Sounds stupid doesn’t it. That the sources that contracted with you, benefit from your success would plot against you, yet I’ve heard authors subscribe to those very theories of culprits and demons holding them back from their destiny. If you’ve had similar doubts or frustrations, you’re not alone. In the last three years half a dozen buds and budette author friends I’ve chatted or worked with have dropped out, some because they needed food, warmth, money. Others out of shear disappoint with the dream that floated away. Another dozen discuss being at a cross roads. Should they turn left and drop the hope of a career in actually earning a living at writing or stay the course and keep doing what they love so much.

Yeah, even a big dude like myself has bumped head long against that wall every 6 months or so. You’d think after having sixteen stories contracted/published, those dark shadows would have been vanquished, no longer haunt my thoughts, but they do. Last week, an author budette shared her frustrations about diverting from the course and taking down her writing shingle. Week later she send me an interesting link to a blog post that discussed the same crack in our goal to be read by a five or six digit audience. Here’s the link ( Point is, I’ve read twenty plus articles discussing those same emotions, the realization that what you though the dream would be was wrong. So if you’re experiencing the same dilemma you are definitely now alone.
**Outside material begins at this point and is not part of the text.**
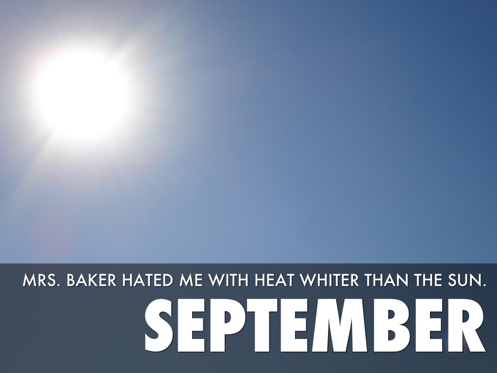 MRS. BAKER HATED ME WITH HEAT WHITER THAN THE SUN.

So what could cause so many talented authors to be delinquent in sells. Well, I know it’s not quality. I read many of these buds and budettes stories. Most are really good, some great, so its not talent. I’ll venture a theory, one you might disagree with, and that’s okay, but it’s based on what I’ve observed. See, I think there’s a reverse correlation between average individual author sells and the number of writers with published/released stories.  Readers are willing to spend only so much money on a discretionary item like books. Add to this three negative trends in the fiction world: (1) Statistics show the number of people who like to read is declining,  (2) the economy is going south making mere survival in our jobless society increasingly difficult (thus less money to spend on entertainment items), and (3) E media has cut a double edge impact in the market. It is now quite easy to self-published, which means the number of titles out there is increasing big time, and that’s good for those who have yet to get the call (a contract with a publisher). Down side is there’s SO much more competition for the declining dollars to be spent on a non-essential piece of the spending pie for the struggling customer.
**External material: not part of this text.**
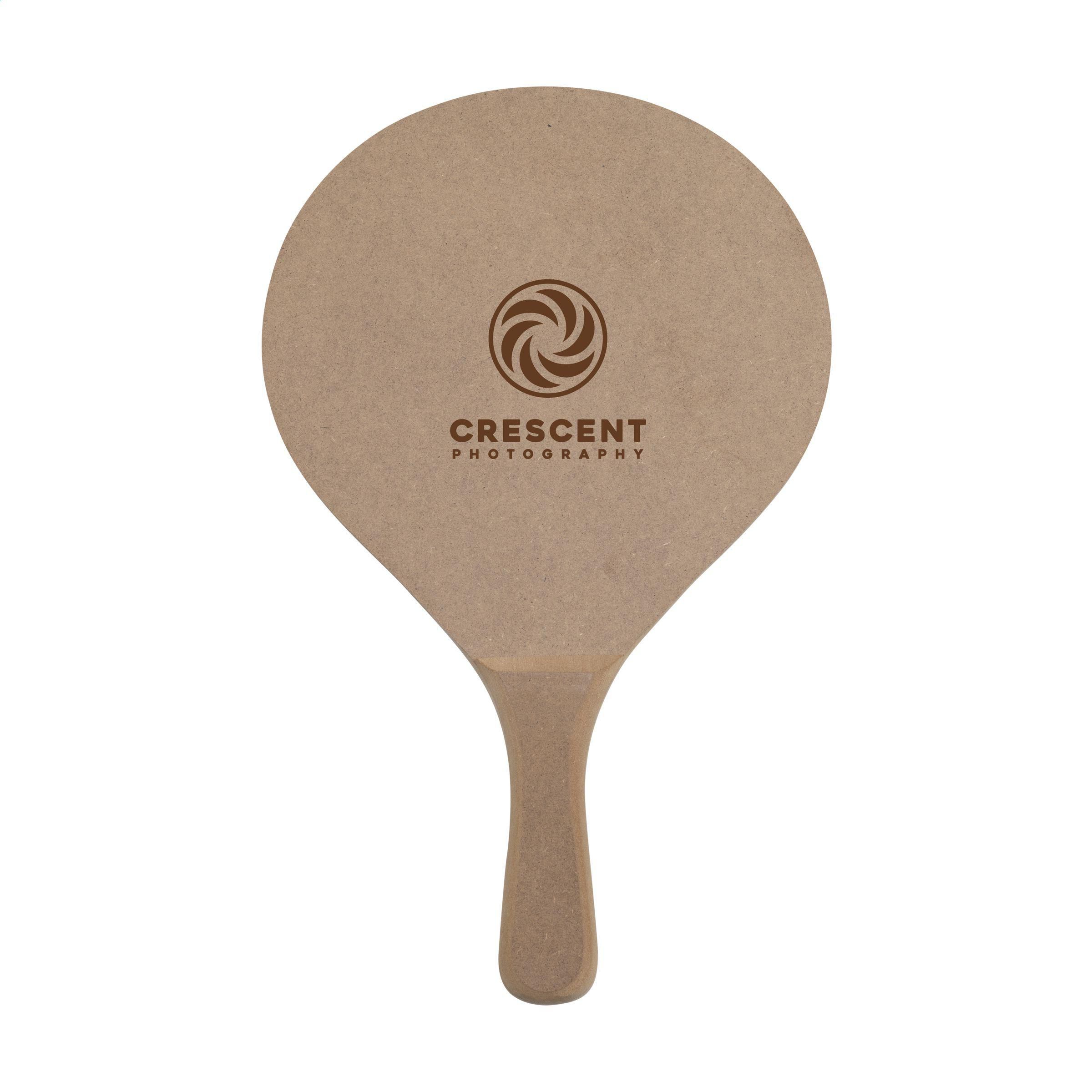 Sportliches Strandset: 2 Schläger aus rohem MDF-Holz und Gummiball. Pro Set im Aufbewahrungsnetz aus Baumwollgewebe.ACHTUNG: Bei einem 2-Farbendruck auf den Schlägern ist keine perfekte Passgenauigkeit möglich - dies ist nur gewährleistet, wenn sich die Farben nicht berühren.

So, if your suffering the double edge sword of the modern fiction market, you’re not alone, don’t take it personal. Ref the decision rather to continue or call it quits, afraid I have no advice there. How can I help you at the crossroads when I can’t decide which path to take myself (g).


Julie Eberhart Painter said...

You've got that right. I'm between bridge playing and this hard place!

Liz Fountain said...

Well-described. My book's been out less than a month and I've already caught myself saying to friends "I can hardly wait to get back to writing instead of selling." Maybe this is why in the old old days artists had patrons. 'Course I also long for a butler, ladies' maid, and housekeeper... *grin*

Big Mike said...

Then ya get a letter like the one I received from a reader today. Makes ya rethink your doubts:

"I wanted to let you know that I finished your book ‘Righteous Fury’ this week and thought it was fantastic. With so many novels more fluff than depth, I was truly impressed with your writing. You, Sir, have a great gift for seeing, not just the surface, but the core of people. Thank you for the exceptional work. I look forward to reading more from you."

Boy oh Boy

Michael Davis (
Author of the Year (2008 and 2009)
Award of Excellence (2012)

Rhobin Lee Courtright said...

Good post, Mike.

I've faced this wall, too, but decided I just liked writing too much to give up.

Luckily, skill with writing can lead to many great job opportunities, because the decline in reading interest seems to correlates with a serious lack in writing capability.

Big Mike said...

Yeah Rhobin

For those of us whose mind is constantly flooded with story lines and fictional worlds when ever we're alone, not sure we can stop. Kind of like an obsession to get em down on paper.